Bisweilen hilft es, sich daran zu erinnern, dass die Wirklichkeit mit sich selbst kein Problem hat.

Donnerstag, 26. Oktober 2023

978

Phasen und Wendungen meines Denkens.

Prägung: Christliche Verurteilung der Weltlichkeit der Welt, Verurteilung ihrer Säkularität.

Erdung: Theologische Anerkennung und philosophische Behauptung der Säkularität

Wendung eins: Verzweiflung an Christentum und Säkularität zugleich und gleichermaßen.

Selbstirritation: Aufdeckung genealogischer Abhängigkeit und struktureller Ähnlichkeit von Christentum und Säkularität.

Wendung zwei: Wiederentdeckung und Aneignung des paulinischen Messianismus.

Aufklärung: Messianische Kritik des religiösen wie des säkularen Christentums.

Wendung drei: Fragmentarische Entfaltung eines reservativen Messianismus.

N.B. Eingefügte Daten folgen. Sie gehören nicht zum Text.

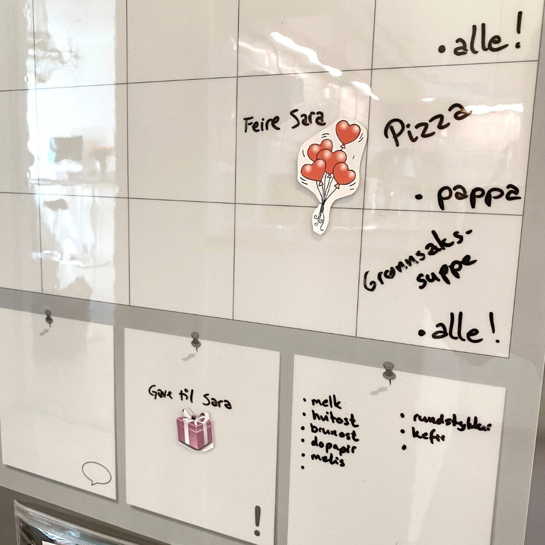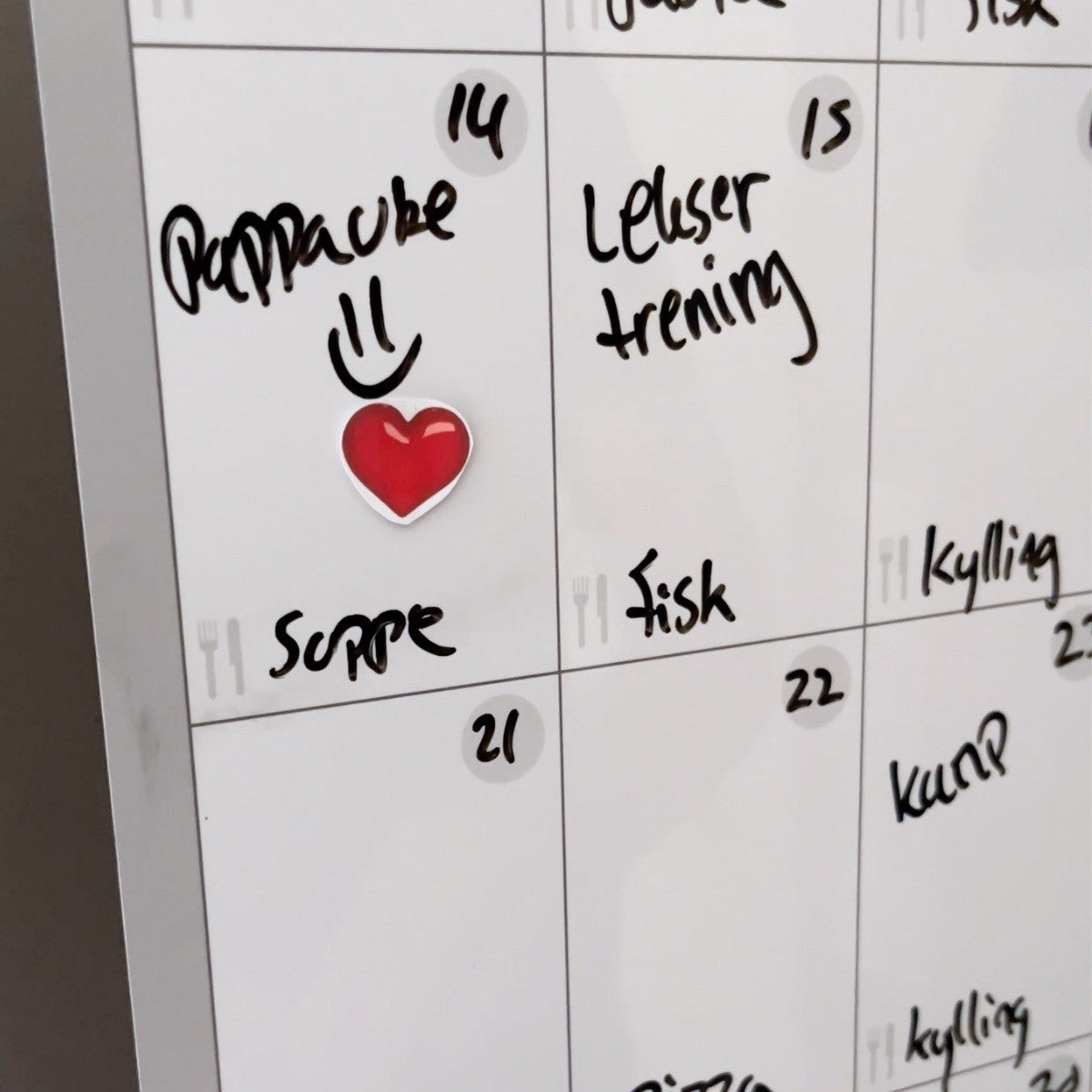 Dvs: Hvis du har brukt dobbeltsidig tape for å henge opp kalenderen din, enten på integrert kjøleskap eller vegg, må du bruke tack-it el. for å feste symbolene.

In jeder Phase und Wendung vor Wendung drei meines Denkens habe ich das jeweils Ergriffene oder Verlorene so behauptet, als wäre es das Letzte – still auf dessen Vorläufigkeit hoffend.
Und auch jetzt ist das Letzte noch nicht da, noch nicht ergriffen. Ich jage ihm aber nach. Konstruktiv im eigentlichen Sinne des Begriffs.

Freitag, 20. Oktober 2023

977

Ich bin ein enger Freund der Differenzierung. Keine halbwegs angemessene Wirklichkeitsdiagnose, ohne Differenzierung. Gerade auch unter den vermeintlich oder tatsächlich Denkenden beobachte ich jedoch bisweilen geradezu eine Flucht in die Differenzierung – zum Zwecke der Unantastbarkeit. Man will demonstrieren, man will nachweisen können, dass man an alles gedacht, dass man alles bedacht hat – um zuletzt nicht dingfest gemacht werden zu können. Um nicht verantwortlich gemacht werden zu können für die Neigung, für die Konsequenz, für die Wirkung des eigenen Denkens. Differenzierung kann auch Ausdruck der Feigheit sein.

Sonntag, 15. Oktober 2023

976

Besuch einer kirchlichen Veranstaltung, angesiedelt irgendwo zwischen klassisch-musikalischer Erbauung und religiöser Besinnung. Und da ist sie wieder: diese beeindruckende und zugleich irritierende christliche complexio oppositorum, dieses nahezu verzweifelte Bemühen darum, letztlich nur eine gültige Wirklichkeit zu denken und diese Wirklichkeit in und unter einer einzigen Gottheit zu vereinigen, zusammenzuhalten.
Gerade noch Johann Bachs Motette Unser Leben ist ein Schatten, jene eindringliche Erinnerung an die Flüchtigkeit und Nichtigkeit alles Wirklichen, dann, unmittelbar, unvermittelt und letztlich unvermittelbar anschließend, im Angesicht des aktuellen Hamas-Terrors gegen Israel, das flehentliche Friedensgebet. Ein Gebet, das auf eine Wirklichkeit hinaus will, das sich an eine künftige Weltwirklichkeit hängt, die es so nicht geben wird. Die es so nicht geben kann. Weil Wirklichkeit nicht Gott, weil Gott nicht Wirklichkeit ist.
Als complexio oppositorum ist das Christentum verlockend und abstoßend, verzaubernd und enttäuschend zugleich. Die christliche complexio oppositorum ist wesentliche Mitursache für beides: für Aufstieg und Fall des Christentums.

Freitag, 6. Oktober 2023

975

Gegen die falschen Propheten, gegen jene Apokalyptiker, die verschleiern statt zu enthüllen: Das Wirkliche vergeht, ist im Vergehen begriffen. Dabei lässt und wird sich das Vergehen weder beschleunigen noch verzögern. Das Vergehen ist nicht veränderbar oder veränderlich. Es schreitet unmerklich und unabänderlich voran – bis es augenblicklich und überraschend abbricht im augenblicklichen und überraschenden Abbruch des Wirklichen.